PasswordViewModel is now complete - it coordinates validation without knowing about text fields, and it manages state without knowing validation rules. Each piece stays focused. Let's build the next piece: PasswordInputField.

Creating a Password Input Field

Before we can begin writing a validating input field, we first need to know what our form field should look like:

A mock-up of an input field showing three different scenarios: Scenario 1: No Input, Scenario 2: Valid Input, Scenario 3: Invalid Input

Across the three different scenarios shown in the mock-up, the input view consists of:

  1. Title Label - describes what information the user needs to enter.
  2. Input Field - allows the user to enter the requested information.
  3. Error Label - describes how the entered information is invalid.

Now we know what to build - we need to think about how we should design its API.

When creating reusable views, one goal is to give that view a clean, focused initialiser. SwiftUI's own SecureField demonstrates this beautifully: its initialiser accepts only the essential state needed to render the field, with styling and behaviour added through view modifiers.

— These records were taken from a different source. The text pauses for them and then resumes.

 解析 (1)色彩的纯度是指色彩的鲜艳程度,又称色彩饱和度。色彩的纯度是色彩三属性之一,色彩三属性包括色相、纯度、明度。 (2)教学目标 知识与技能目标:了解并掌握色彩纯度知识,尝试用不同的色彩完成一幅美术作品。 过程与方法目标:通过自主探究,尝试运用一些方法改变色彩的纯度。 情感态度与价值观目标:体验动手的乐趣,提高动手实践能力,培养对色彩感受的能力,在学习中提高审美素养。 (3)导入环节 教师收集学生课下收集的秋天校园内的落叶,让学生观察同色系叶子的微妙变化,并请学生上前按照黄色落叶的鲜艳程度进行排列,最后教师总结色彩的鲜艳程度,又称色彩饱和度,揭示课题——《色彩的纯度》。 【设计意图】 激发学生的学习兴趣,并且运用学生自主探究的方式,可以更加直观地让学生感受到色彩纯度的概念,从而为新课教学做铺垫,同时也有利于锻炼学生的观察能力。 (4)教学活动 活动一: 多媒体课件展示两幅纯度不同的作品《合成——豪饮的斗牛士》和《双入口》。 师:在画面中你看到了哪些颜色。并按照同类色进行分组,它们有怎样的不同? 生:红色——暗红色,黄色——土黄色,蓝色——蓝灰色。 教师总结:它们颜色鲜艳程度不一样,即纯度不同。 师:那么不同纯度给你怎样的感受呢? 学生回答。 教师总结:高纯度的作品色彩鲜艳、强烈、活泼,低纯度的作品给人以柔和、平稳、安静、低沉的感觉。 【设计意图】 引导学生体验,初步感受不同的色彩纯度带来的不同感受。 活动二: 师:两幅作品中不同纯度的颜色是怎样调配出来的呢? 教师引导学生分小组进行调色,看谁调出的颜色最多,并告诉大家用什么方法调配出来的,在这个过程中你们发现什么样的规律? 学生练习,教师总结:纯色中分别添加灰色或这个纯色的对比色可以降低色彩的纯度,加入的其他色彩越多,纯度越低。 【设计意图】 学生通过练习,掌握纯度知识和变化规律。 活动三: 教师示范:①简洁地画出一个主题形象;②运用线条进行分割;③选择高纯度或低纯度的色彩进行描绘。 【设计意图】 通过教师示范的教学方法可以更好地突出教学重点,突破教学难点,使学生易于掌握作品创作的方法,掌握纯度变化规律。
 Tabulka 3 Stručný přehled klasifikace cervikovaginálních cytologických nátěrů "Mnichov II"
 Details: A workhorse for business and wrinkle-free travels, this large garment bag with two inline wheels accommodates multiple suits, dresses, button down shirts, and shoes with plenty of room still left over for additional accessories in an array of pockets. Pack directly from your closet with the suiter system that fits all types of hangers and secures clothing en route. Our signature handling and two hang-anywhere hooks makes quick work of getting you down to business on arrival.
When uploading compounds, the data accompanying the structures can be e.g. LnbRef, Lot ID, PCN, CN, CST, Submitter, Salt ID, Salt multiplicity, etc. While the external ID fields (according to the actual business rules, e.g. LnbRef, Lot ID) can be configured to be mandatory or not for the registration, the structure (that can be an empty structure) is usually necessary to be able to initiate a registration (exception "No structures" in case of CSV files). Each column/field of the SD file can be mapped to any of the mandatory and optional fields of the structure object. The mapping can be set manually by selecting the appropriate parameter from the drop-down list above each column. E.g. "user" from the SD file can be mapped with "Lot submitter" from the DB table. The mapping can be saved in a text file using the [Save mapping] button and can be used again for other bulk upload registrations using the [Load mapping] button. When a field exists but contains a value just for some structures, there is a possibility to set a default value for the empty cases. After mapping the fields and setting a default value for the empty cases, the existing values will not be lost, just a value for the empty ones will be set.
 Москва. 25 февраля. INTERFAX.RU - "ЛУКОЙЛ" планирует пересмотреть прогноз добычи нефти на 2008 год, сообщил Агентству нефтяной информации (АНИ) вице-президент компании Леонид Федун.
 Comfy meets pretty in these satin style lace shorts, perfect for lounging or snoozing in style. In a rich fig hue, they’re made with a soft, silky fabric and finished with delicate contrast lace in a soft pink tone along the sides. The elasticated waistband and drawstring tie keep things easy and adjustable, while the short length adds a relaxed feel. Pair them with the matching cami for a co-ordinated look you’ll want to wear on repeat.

Let's follow that pattern.

Looking at the mock-up, the title and input field are always present, so we want to pass the state used to set these via the initialiser, but the error label is conditional - we'll add that state via a modifier later. For now, the initialiser needs:

struct PasswordInputField: View {
    private let placeholder: String
    private let title: String
    @Binding private var value: String

    // 1
    init(title: String,
         placeholder: String,
         value: Binding) {
        self.placeholder = placeholder
        self.title = title
        self._value = value
    }

    // 2
    private var titleView: some View {
        Text(title)
            .font(.subheadline)
            .fontWeight(.medium)
            .foregroundColor(.primary)
    }

    // 3
    private var inputView: some View {
        SecureField(placeholder,
                    text: $value)
        .padding(12)
        .background(Color(.systemGray6))
        .cornerRadius(8)
    }

    // 4
    var body: some View {
        VStack(alignment: .leading,
               spacing: 0) {
            titleView
                .padding(.bottom, 6)

            inputView
                .padding(.bottom, 12)
        }
    }
}

Here's what we did:

  1. PasswordInputField's initialiser takes three arguments: title (text for the title label), placeholder (text shown when empty), and value (stores user input). The first two are simple String values that PasswordInputField only reads. But value is different - the input field needs to both read the current value and write changes back. That's what Binding provides: a two-way connection that lets changes flow from the text field back to the view model, ensuring the user's input isn't lost.
  2. Implemented the title label as the titleView property.
  3. Implemented the input field as the inputView property.
  4. Arranged the subviews in a vertical stack within body to match the mock-up.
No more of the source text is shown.